Over the past few years, Facebook has been on the receiving end of various allegations due to their aggressive tracking practices on their users. Information has been touted to be worth more than gold in our current times, and Facebook, along with its myriads of other platforms they own, has been using practices that are borderline unethical to ensure they know what their users are doing, both on their platforms and also on other platforms that they do not necessarily own.
A new study from Mozilla has now been announced with the aim of fighting against these off-site trackers from Facebook by tracking them back. Mozilla’s researchers call the study “Facebook Pixel Hunt” and it will seek to track the company’s immense web-wide tracking network and investigate the intel Facebook is collecting on users.
As Gizmodo reports, the study is focused on a piece of tracking tech known as the “Facebook Pixel” hence the study being given the same name. These tiny pieces of tech are buried in millions of sites across the web from online stores to news outlets; therefore, there is a very big chance they already have your data, even though you stopped using Facebook in 2012.
In exchange for these millions of sites hosting a free pixel from Facebook, the social media giant then shares with them data collected. This enables the websites to have a similar ability to Facebook’s in accurately tracking their own users, while also being able to micro-target them with ads based on their browser patterns.

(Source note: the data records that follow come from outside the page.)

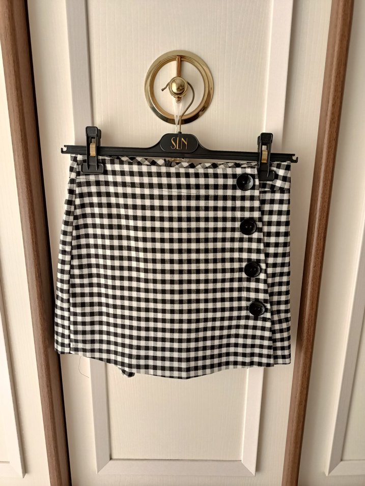 Düğmeli, siyah beyaz ekose desenli, sentetik kumaştan yapılmış dar kesim mini şort etek Günlük kullanım için uygun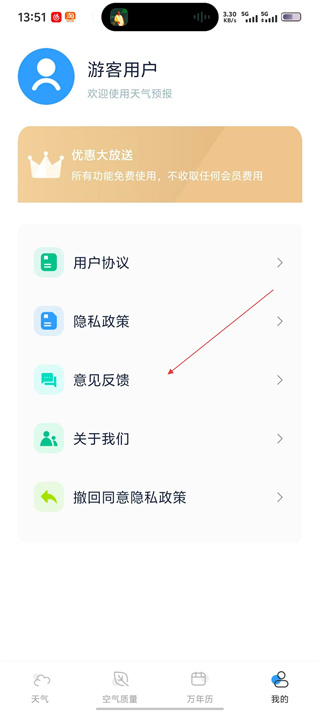星汉天气预报app怎么反馈问题
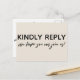 Dans le texte modifiable "gentiment répondre" a été placé, grand et gras, sur le devant. Dans une écriture décontractée moderne, un graphique représentant "Nous espérons que vous pouvez vous joindre à nous !" apparaît ci-dessous. Au verso, la même police unique a été utilisée pour créer des graphiques qui lisent "rsvp", "m" et "gentiment livrer à :" et tout autre texte est modifiable. Utilisez les champs modèle pour personnaliser autant que vous le souhaitez. L'avant a un arrière - plan élégant qui peut être changé à n'importe quelle couleur que vous préférez. // 100 //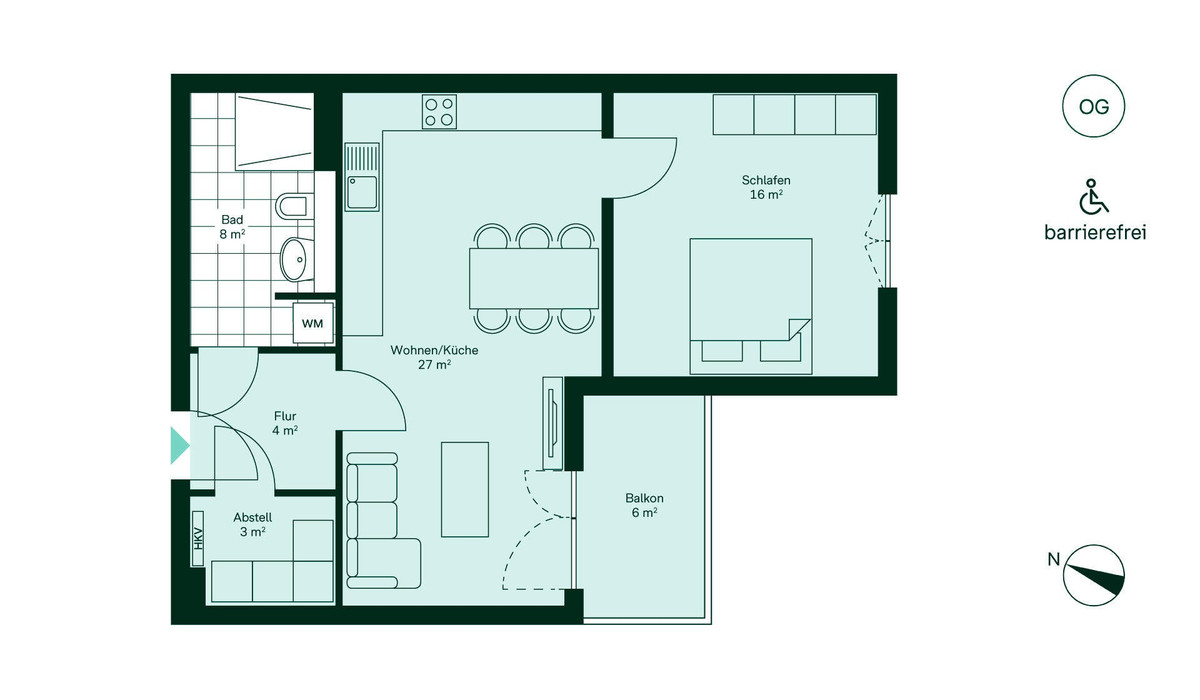 Treten Sie ein in Ihre neue Eigentumswohnung. Der Eingangsbereich führt Sie direkt in das gemütliche Wohnzimmer mit offener Küche. Hier können Sie Ihren Tag mit einem köstlichen Frühstück am Esstisch beginnen. Das Schlafzimmer bietet Ruhe und Platz für entspannte Nächte.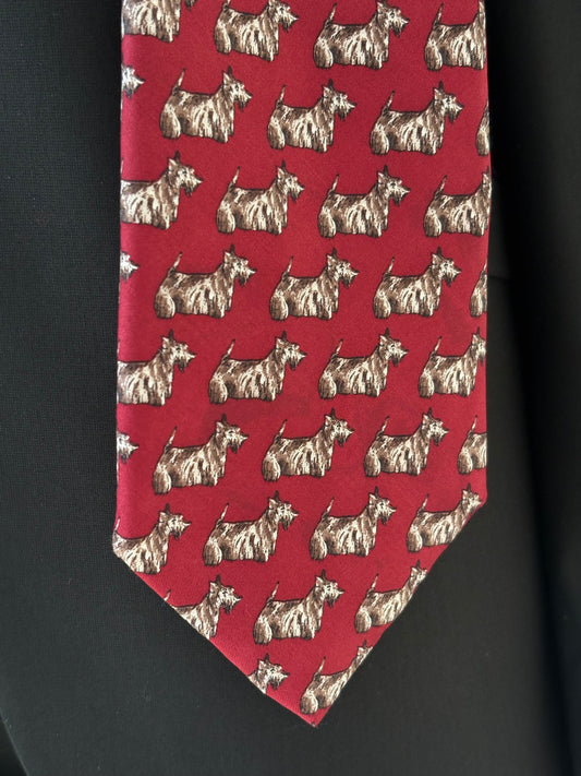 Cravata burgundy cu print cu cățeluși din mătase naturală
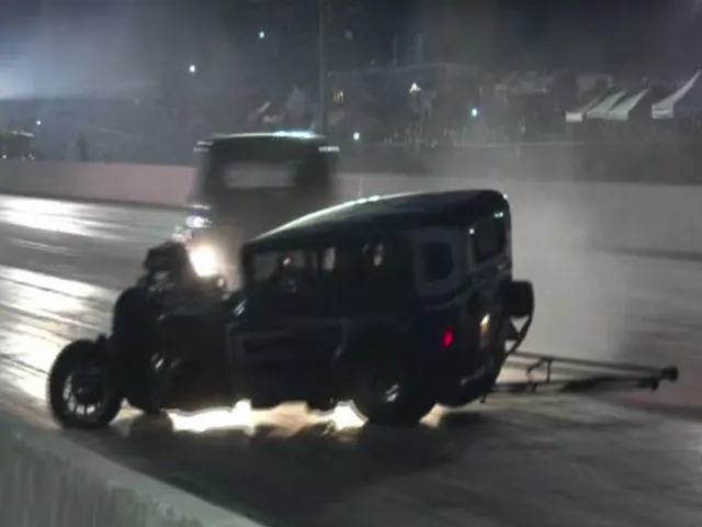 Shortly after the 60-ft, the ’26 gets a little loose, which leads to sideways, and then the car veers out of its lane crossing in front of the truck. The driver of the truck does his best to navigate his vehicle down the track while avoiding the careening Ford. Throughout the craziness, it appears that the ’26 might tip over and roll, but fortunately the driver did his best to keep the wild car under control.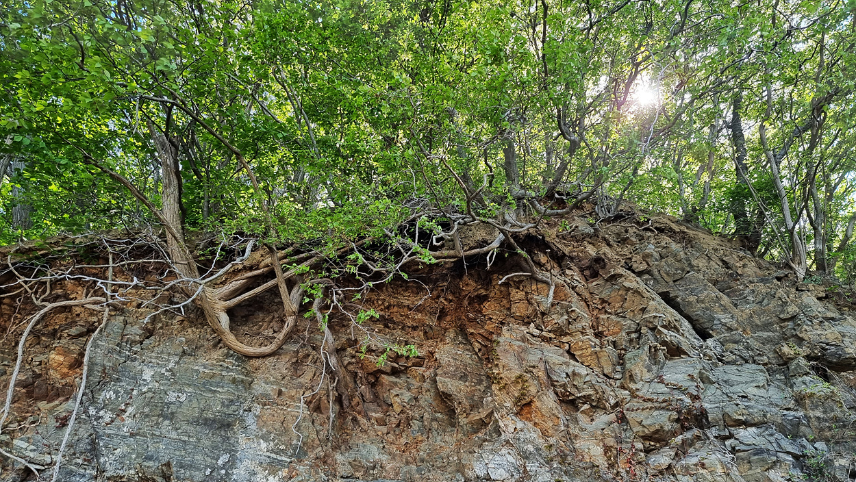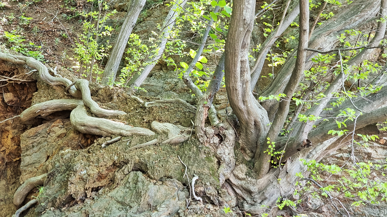 나무 뿌리가 돌출되여 있는 것도 보인다,

If a visitor on these websites already has an account on Facebook, or on any other platform owned by Facebook, information obtained from the visitor is then combined with what Facebook already knows about the person. In cases where an individual happens to have no account with any platform owned by the company, the data is still collected and a “shadow profile” is created to represent that particular user.

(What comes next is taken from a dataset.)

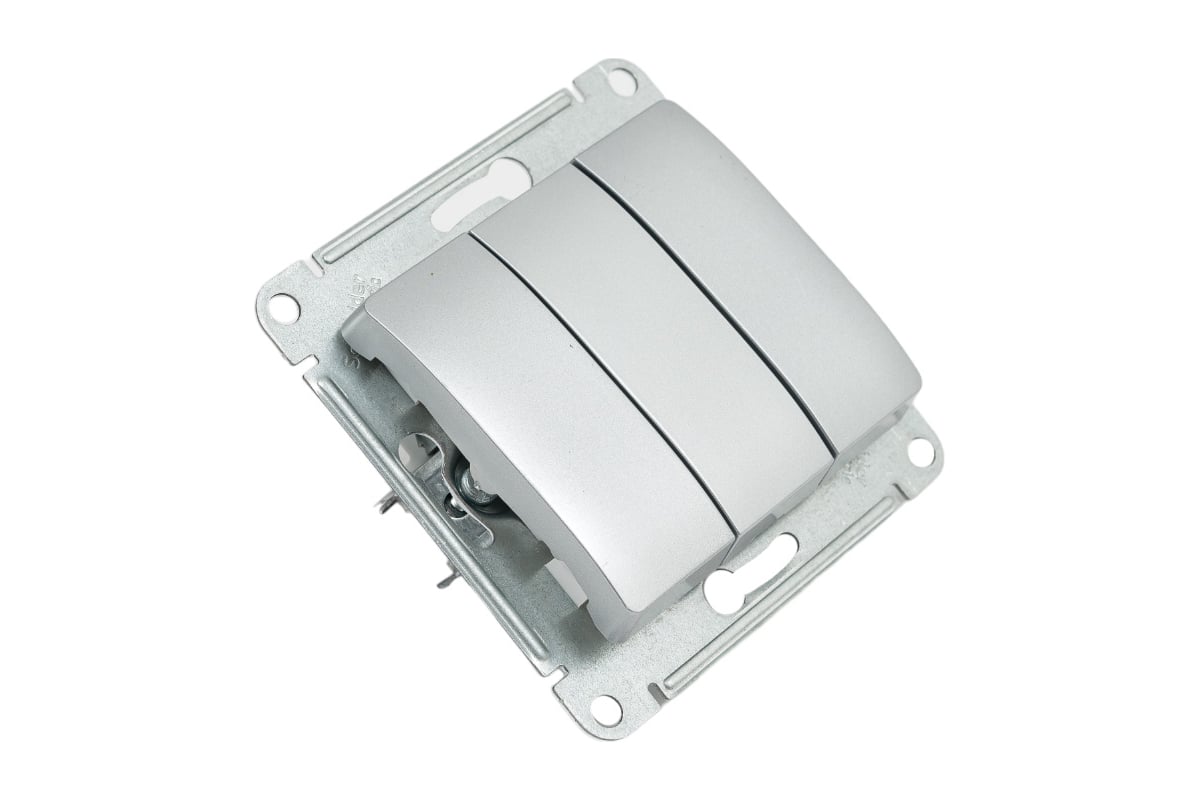 3-клавишный механизм выключателя Systeme Electric скрытой проводки Glossa 10А IP20 1+1+1 10AX алюминий GSL000331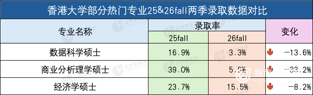 对比之下,港大的“三巨头”(经济、DS、BA)26fall成功率全线飘红,比25fall更加难申请;

Should you be interested in what the researchers at Mozilla are doing and want to join in the study, simply download the free extension called Mozilla Rally. The extension is only available on Firefox, and it will scoop up any data being collected by Facebook’s pixels as you browse various websites on the internet.
The extension will also keep track of the amount of time spent on different web pages, the URLs that the browser visits, amongst other things. However, Mozilla has made it clear that all the data being exported will be de-identified and will also not be shared by other third parties not relevant to the study.
It will be interesting to see how Facebook reacts to the study, or whether they will choose to just ignore it and continue doing what they have always done. Mozilla has also carried other studies in the same line in the past, including studying YouTube’s recommendations algorithm in order to identify what sort of content the company is pushing on its users. Most recently, they carried out a study on how various users tap into political news stories and also stories about the pandemic.